Key changes to policy and legislation on migrant domestic work could help protect and support survivors who are trafficked to the UK. Around 18,000 domestic workers arrive in the UK each year. Some escape abusive employers and are referred to the National Referral Mechanism for Human Trafficking and Modern Slavery (NRM). But those who are referred to the NRM more than six months after their arrival in the UK do not have the right to work while they wait for a decision about their status and support. In research by Kalayaan, workers referred to the NRM waited on average 24 months – one as long as 37 months – for a decision. Workers said they felt “worthless, subservient and punished by a system meant to protect them.” If all domestic workers in the NRM had the right to work, their chances of social, psychological and economic recovery would be improved.

Currently, migrant domestic workers in the UK work under a restrictive short-term visa, which means that even if the worker escapes an abusive employer, they often cannot find another job. Nor can they successfully bring a claim against them because they have to leave the UK when their 6-month visa expires.

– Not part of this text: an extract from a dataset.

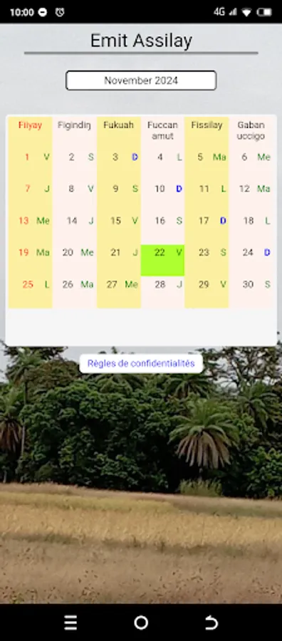 Emit Assilay is a Joola calendar. Among the Joolas, the week is made up of six (6) days divided between field work in concessions, activities for the benefit of generations, associative activities and days of rest.

This makes it almost impossible to challenge exploitation and abuse. A recent survey by LSE and the Voice of Domestic Workers found that nearly all respondents worked around the clock, earning just 52 pence per hour. Since the introduction of the restrictive visa in 2012, abuse has dramatically increased, with 40% of workers assessed by Kalayaan in 2024 presenting indicators of trafficking, as opposed to 14% for those who arrived in the UK prior to the change.

Migrant domestic workers and their allies have been battling the restrictive visa, and the systemic modern slavery it facilitates, for 13 years. For UK policymakers to fulfil their pledge to help reduce the risk to workers under the Overseas Domestic Worker visa, it is essential to implement a renewable visa with a path to permanent settlement and the unconditional right to change employers.

Survivors in the driving seat of change

At the root of many of the barriers to rebuilding their lives after exploitation is the fact that survivors are not listened to by those who are meant to support them. This means that the burden of evidence of abuse falls on the very people who have had their phones and documents confiscated, that support services can be inappropriate or inaccessible, and that protective legislation is not forthcoming.

Survivor Futures was driven by survivors themselves: the co-researchers who devised the research questions, conducted the interviews, analysed the data, wrote the recommendations and are now sharing original insights with frontline practitioners and policymakers to bring about improvements.

Survivors are calling for change. Now it is up to decision-makers to listen.